Lebkuchenherz basteln / Gingerbread heart craft

I wanted to offer my students a craft that they could do at home, no matter what kinds of craft supplies they have. But of course it had to be something German, too! So I thought about making a gingerbread heart out of paper. The kids can decorate it with whatever they have at home. Maybe they will even give it to someone special!

I always think of gingerbread hearts at Christmas markets. All those colorful, decorated hearts hanging from one of the stalls! And what a treat when someone gives you one with a special message!

Aachener Weihnachtsmarkt, 2019

Here is a link to the video instructions:

You can download the free PDF with bilingual instructions as well as templates. There are two heart templates. One has decoration on it, and one is plain.

Weihnachts-Bingo

Looking to practice some Christmas vocabulary? How about a fun game of bingo?! I made up 25 different cards. There is also a key for you to keep track of which items have been called already – just in case your students have other ideas 😉

When we play, I bring a die. Whatever number I roll is the column where they have to find the word. If I roll a 6, then it can be anywhere on the card.

Here is what the cards look like:

You can download the Bingo cards for FREE as a PDF file: Weihnacht Bingo GitA

The words are the same 24 that I used in my Vocabulary Advent Calendars.

If you would like to print out posters of the words, you can download this PDF: Weihnacht Posters GitA. I also print these 6 to a page to use a the cards that I draw for the Bingo words. Here is a sample of what they look like:

Here is a list of the 24 words that are included:

  1. der Adventskalender
  2. der Adventskranz
  3. die Geschenke (plural)
  4. die Glaskugel
  5. der Hampelmann
  6. die Kerze
  7. das Knusperhaus
  8. das Lebkuchenherz
  9. der Lebkuchenmann
  10. der Nikolaus
  11. der Nussknacker
  12. die Plätzchen (plural)
  13. die Pyramide
  14. das Räuchermännchen
  15. der Schlitten
  16. die Schneeflocke
  17. die Stiefel (plural)
  18. der Stollen
  19. die Tasse
  20. der Tannenbaum
  21. die Weihnachtskarte
  22. das Weihnachtslied
  23. der Weihnachtsmarkt
  24. die Zuckerstange

Frohe Weihnachten!

Nutcracker Hampelmann

Have you ever seen a wooden jumping-jack toy? If you pull the string at the bottom, the arms and legs of the man go up! In German, it’s called a Hampelmann.
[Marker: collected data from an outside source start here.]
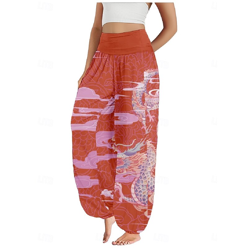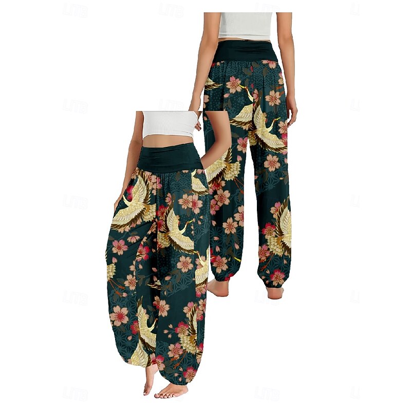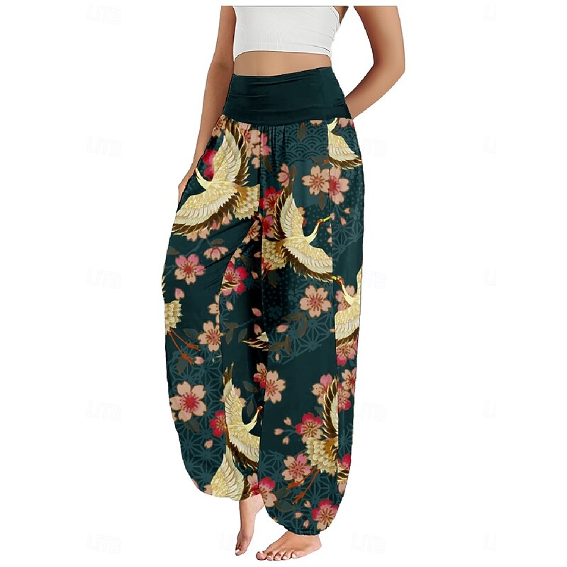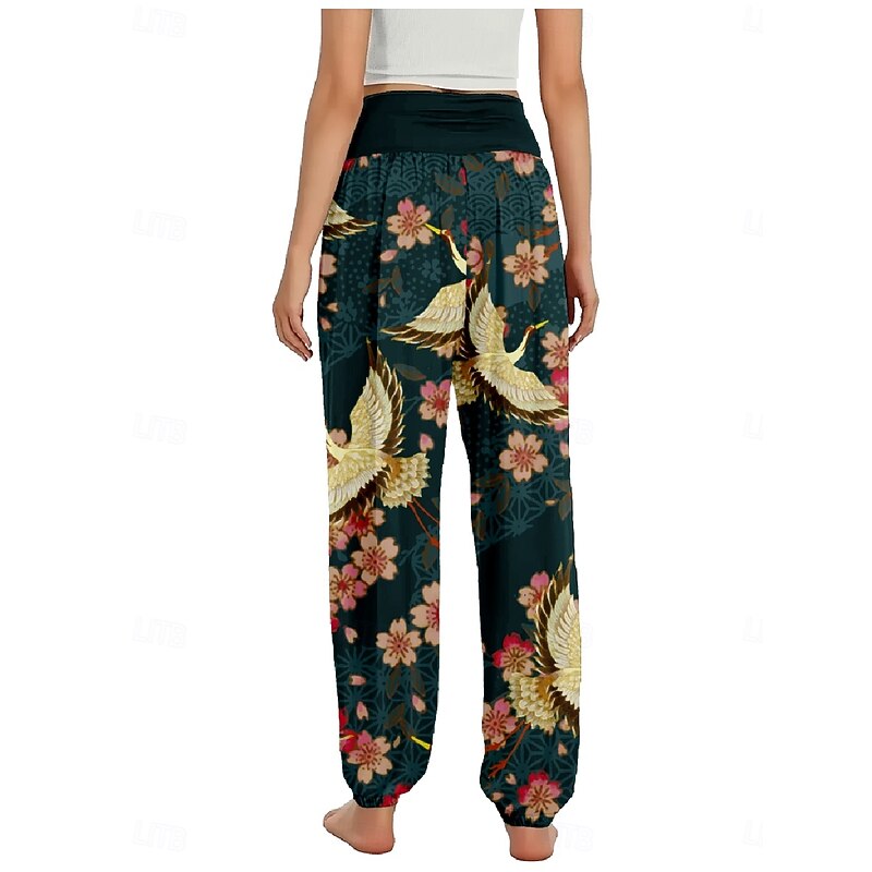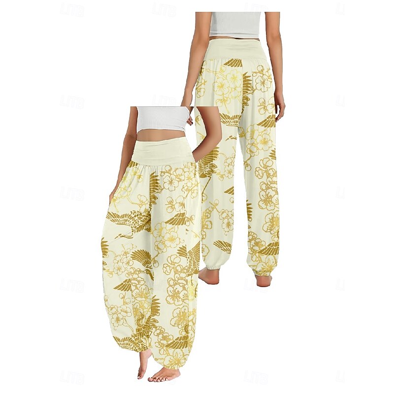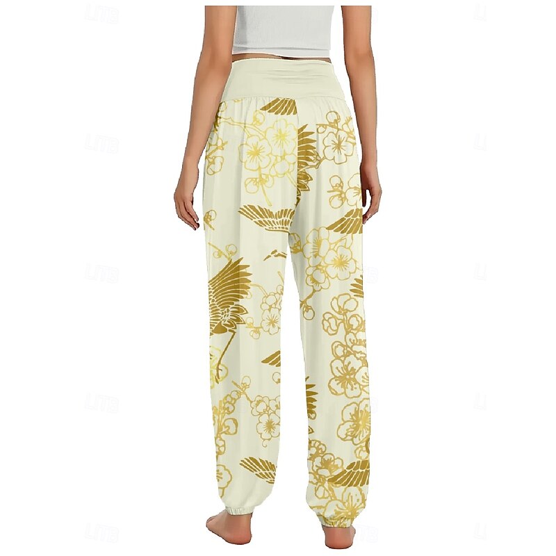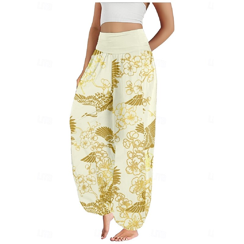 Women's Linen-Inspired Pants Wide Leg Pants Trousers Ethnic Style Casual Boho Full Length High Waist Floral Pocket Elastic Waist Printing Breathability Soft Micro-elastic Outdoor Yoga Black Yellow 9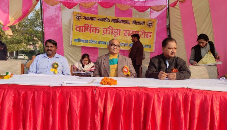 कंचन उजाला कौशाम्बी। महामाया राजकीय महाविद्यालय में आठवें दिन दो दिवसीय वार्षिक क्रीड़ा समारोह का उद्घाटन मुख्य अतिथि डॉ0 सत्येंद्र कुमार सिंह ,पूर्व प्राचार्य, राजकीय स्नातकोत्तर महाविद्यालय, हमीरपुर एवं पूर्व सहायक शिक्षा निदेशक, उच्च शिक्षा शिक्षा निदेशालय उत्तर प्रदेश प्रयागराज द्वारा किया गया। दो दिवसीय वार्षिक क्रीड़ा समारोह की अध्यक्षता डॉ0 विनय कुमार सिंह प्राचार्य महामाया राजकीय महाविद्यालय द्वारा की गई इस दौरान मुख्य अतिथि का स्वागत डॉ0 विनय कुमार सिंह प्राचार्य महामाया राजकीय महाविद्यालय कौशांबी द्वारा बुके एवं स्मृति चिन्ह देकर किया गया। इसके उपरांत मुख्य अतिथि एवं अन्य अतिथियों का वैद्य लगाकर स्वागत किया गया साथ ही मुख्य अतिथि द्वारा ध्वजारोहण एवं मार्च पास्ट की सलामी ली गई। इस अवसर पर मुख्य अतिथि ने समारोह के उद्घाटन के दौरान कहा कि बिना परिश्रम के कुछ प्राप्त नहीं होता है इस प्रतियोगिता के युग में कड़ी मेहनत तथा परिश्रम से ही सफलता प्राप्त की जा सकती है। परिश्रम ही सफलता की कुंजी है उन्होंने ऐसे छात्र और छात्राओं को बधाई दी जो इस दो दिवसीय वार्षिक प्रतियोगिता में प्रतिभाग कर रहे हैं। इस अवसर पर प्राचार्य डॉ विनय कुमार सिंह ने कहा कि खेल की भावना से ही व्यक्ति में शारीरिक मानसिक कुशलता में वृद्धि होती है खेल व्यक्ति के जीवन को तनाव मुक्त एवं दीर्घायु बनाता है उपस्थित लोगों को संबोधित करते हुए महामाया राजकीय महाविद्यालय के प्राचार्य विनय कुमार सिंह ने कहा कि भारतीय खेलों का इतिहास प्राचीन काल से रहा है।इस अवसर पर महाविद्यालय के डॉ0 अरविंद कुमार डॉ0 अजय कुमार ,डॉ0 नीलम बाजपेई, डॉ0 भावना केसरवानी ,डॉ0 रीता दयाल, डॉ0 तरित अग्रवाल ,डॉ0 पवन कुमार,डॉ0 नीरज कुमार ,डॉ0 रमेश चंद्र, डॉ0 अमित शुक्ल ,डॉ0 संतोष कुमार अजय कुमार मानवेंद्र सिंह साहनी आदि उपस्थित रहे। क्रीडा प्रभारी द्वारा मुख्य अतिथि एवं कार्यक्रम की अध्यक्षता कर रहे प्राचार्य एवं अन्य सभी का आभार ज्ञापन किया गया।।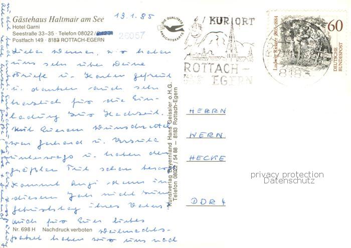73757841 alte Postkarte Rottach-Egern Gaestehaus Haltmair am Tegernsee Fahne postalisch gelaufen Erhaltung siehe scans [FriedD77] KatCode: 11110009182129

Well, our fabulous art teacher must be clairvoyant or something! Because she did a nutcracker project with the 1st and 2nd graders that looked like Hampelmänner! She was looking for a project to go along with my Nutcracker Story Listening lesson –  something for the younger children to do that would be a bit easier than making clothespin nutcrackers. But she wanted a project that was more than a simple coloring page. Perfect!

Aren’t they beautiful?!

It was such a great project that the 3rd & 4th graders created them, too, after they finished their clothespin nutcrackers.

The project can be found here and downloaded for free. Thank you, Brigid Ashwood, for creating such a wonderful project!

Homemade Gifts from the Kiddos

I love when my kids can make something homemade to give as a gift to family and friends. This year, Hippo decided to give artwork.

I cut out some trees, and we taped them to a larger paper. For his first try, he did fingerprints in green, red, and yellow. But that was taking a long time. Especially since he changed colors a lot and kept having to wash his hands. Maybe if I’d only given him one color at a time!?

So we switched to pom-poms held by clothespins. That went a lot faster! He did several in under a half hour. Easy project. Easy clean-up! Beautiful artwork to give as Christmas gifts 🙂

I got the idea from A Dab of Glue Will Do. Hmm. Maybe if I’d followed the instructions a little more closely, the fingerprinting would have worked out a little better! I like how she shows to print around the tree first.

German Vocab Advent Calendar

Every year I make a paper chain advent calendar for the boys with 24 German holiday words. I updated the project this year. I tried to find words that capture the elements of a German Christmas.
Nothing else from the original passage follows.